### YOUR ASSIGNMENT:
Nothing but text lines should be duplicated: start with the first line of the listing below and stop after the line holding "Featuring a beautiful", omitting pictures.

### DATA SECTION:
▬▬▬▬▬▬

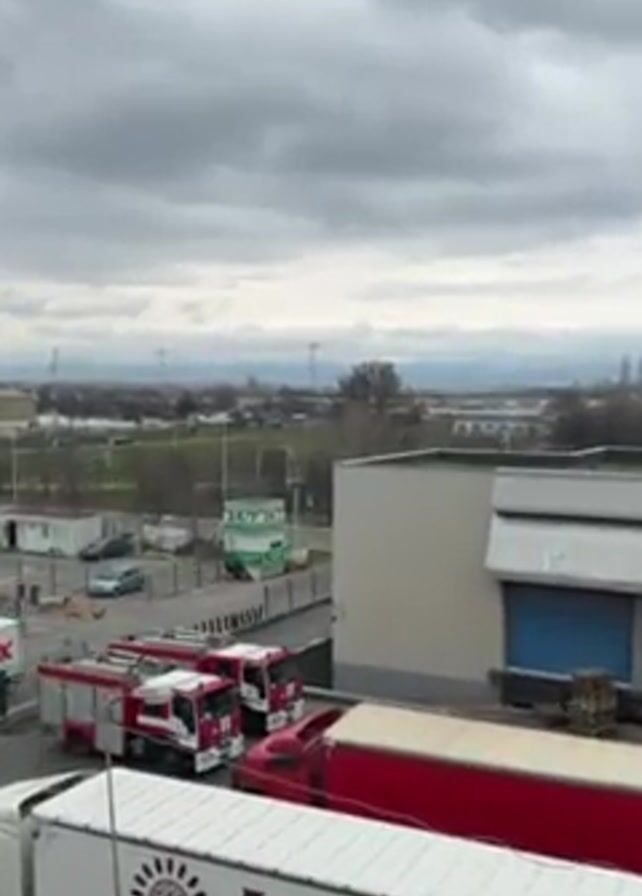 n airfield scene on an overcast day. Initially, the shot focuses on a parking area with several vehicles, including a FedEx van, fire trucks, and a Hitit Global Lojistik truck. The camera then pans upwards and across to reveal the airfield. The focus shifts to an aircraft, specifically a large gray plane sitting on the tarmac. Mountains are visible in the distance under the cloudy sky.
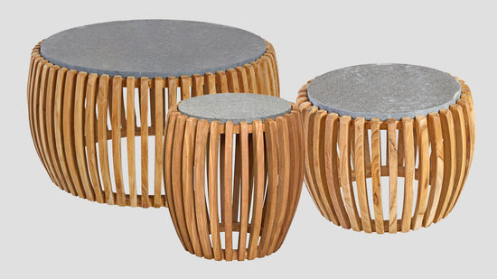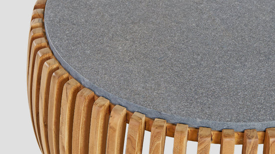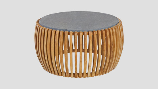 Featuring a beautiful curved A grade teak fin design, with a solid stone top, this will look equally nice indoor as it will outdoor.
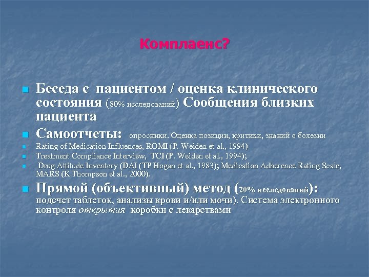 Комплаенс? n n n Беседа с пациентом / оценка клинического состояния (80% исследований) Сообщения близких пациента Самоотчеты: опросники. Оценка позиции, критики, знаний о болезни Rating of Medication Influences, ROMI (P. Weiden et al. , 1994) Treatment Compliance Interview, TCI (P. Weiden et al. , 1994); Drug Attitude Inventory (DAI (TP Hogan et al. , 1983); Medication Adherence Rating Scale, MARS (K Thompson et al. , 2000). Прямой (объективный) метод (20% исследований): подсчет таблеток, анализы крови и/или мочи). Система электронного контроля открытия коробки с лекарствами

▬▬▬▬▬▬

### SOLVED PROBLEM:
 n airfield scene on an overcast day. Initially, the shot focuses on a parking area with several vehicles, including a FedEx van, fire trucks, and a Hitit Global Lojistik truck. The camera then pans upwards and across to reveal the airfield. The focus shifts to an aircraft, specifically a large gray plane sitting on the tarmac. Mountains are visible in the distance under the cloudy sky.
 Featuring a beautiful curved A grade teak fin design, with a solid stone top, this will look equally nice indoor as it will outdoor.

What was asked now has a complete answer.